The three deaths raised to 46 the number of American troops who have died this month. At least 2,934 members of the U.S. military have died since the war started in March 2003, according to an Associated Press count.
At 9 a.m. on Monday, a suicide car bomb hit an abandoned house being used by policemen as an outpost in Dora, southern Baghdad, killing one policeman and wounding five, a police officer said on condition of anonymity because he is not authorized to speak to the media.
At 9:45 a.m., a roadside bomb exploded near Mustasiriyah University in east Baghdad, wounding seven civilians who were standing nearby, said police Lt. Ali Muhsin.
A parked car bomb detonated at 10:30 a.m. near al-Maamoun college in western Baghdad, killing one student and wounding two others and two policemen, a police officer said on condition of anonymity out of concern for his safety.
Last week, Prime Minister Nouri al-Maliki urged university professors and students to ignore a Sunni Arab insurgent group's warnings to avoid class, calling them "desperate attempts." The group had sent e-mails to students and posted signs at schools and mosques in Baghdad, saying students should stay away while it cleanses the campuses of Shiite death squads, according to a statement from al-Maliki's office.
But the attacks on college students and professors have continued.

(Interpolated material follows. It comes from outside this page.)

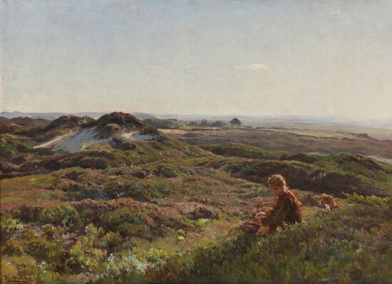 Hilly moorland with a girl picking berries.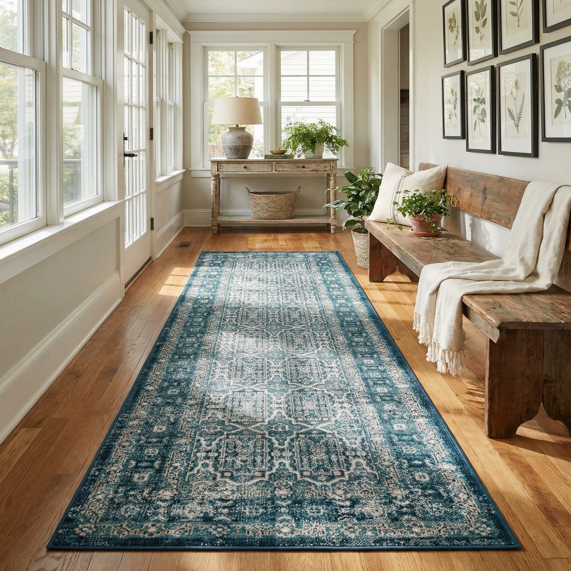 Sized and shaped as a runner, this piece works well in entryways, hallways, stair landings and alongside beds or kitchen islands. Pair it with warm wood floors and neutral furnishings for a classic feel, or layer it with linen upholstery and pale paint for a coastal or transitional palette. It also complements navy or slate-gray accents and looks intentional under a narrow console table or in a long, open corridor.

On Sunday, Iraqi President Jalal Talabani sharply criticized the bipartisan U.S. report calling for a new approach to the war, saying it contained dangerous recommendations that would undermine his country's sovereignty and were "an insult to the people of Iraq."
Talabani, a Kurd and one of the staunchest U.S. supporters within the Iraqi leadership, also said U.S. training of Iraq's army and police had gone "from failure to failure."
He criticized the recommendation by the Iraq Study Group calling for increasing the number of U.S. troops embedded with Iraqi units to train Iraq's forces from 3,000 to 4,000 currently to 10,000 to 20,000.
"It is not respecting the desire of the Iraqi people to control its army and to be able to rearm and train Iraqi forces under the leadership of the Iraqi government," he said during an interview Sunday with several reporters in his office in Baghdad.
The defense ministry spokesman played down the criticism of the report's recommendations to shift the U.S. military's focus from a combat role to more training.
"What has been mentioned regarding the military aspect, and I do not mean the whole report, is in line with the aspirations of the Iraqi security forces," al-Askari said, adding the goal was to improve the Iraqis' performance so they "can shoulder responsibility with effectiveness."